Machine learning models suffer from three errors in general:
Bias: failure to recognise important relationships between features and the target labels.
Variance: sensitive to small changes in the training set.
Noise: unpredictable changes in the data or measurement errors.
Ensemble methods combine a set of weak learners (e.g. single decision tree) in order to develop a stronger learner that performs better than the individual ones. These methods help reduce bias and/or variance.
Examples of these ensemble methods are random forest and bagging classifiers. These methods also typically bootstrap the training data, i.e. draw random samples from the training data. This is done to reduce the variance in the forecasts of the model. The bootstrap aggregation uses a uniform distribution to sample the data, but to get more diverse datasets it would be better to sample according to the average uniqueness of the samples.

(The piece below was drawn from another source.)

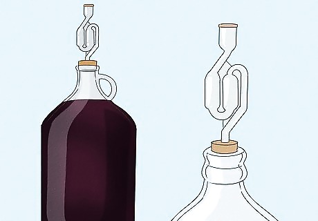 Strain and siphon the liquid. When the bubbling slows down, about 3 days after it begins, it's time to strain out the solids and siphon the liquid into your carboy for longer-term storage. Once you've siphoned it into the carboy, affix the airlock to the opening to allow for the release of gas while preventing oxygen from coming in and spoiling your wine. If you don't have an airlock, you can use a small balloon placed over the opening with about 5 pin sized holes in it. Secure it with tape. This will let the gas escape but not let in oxygen.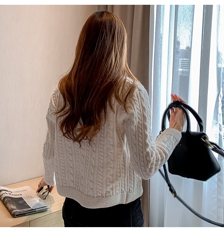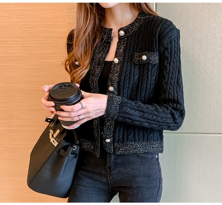 パール ニット カーディガン ルーズ パールバックル ラウンドネック リブニット ニットツイストジャケット 2カラー a1665

The sequentially bootstrapped bagging classifier is an ensemble model, which samples according to the average uniqueness of the samples. When a sample
is added to the bootstrapped dataset, it reduces the probability of sampling neighbouring samples, as the sample
reduces the uniqueness of these samples. This bootstrapping scheme increases the likelihood that the bootstrapped dataset contains more diverse data, which helps reduce the variance in forecasts.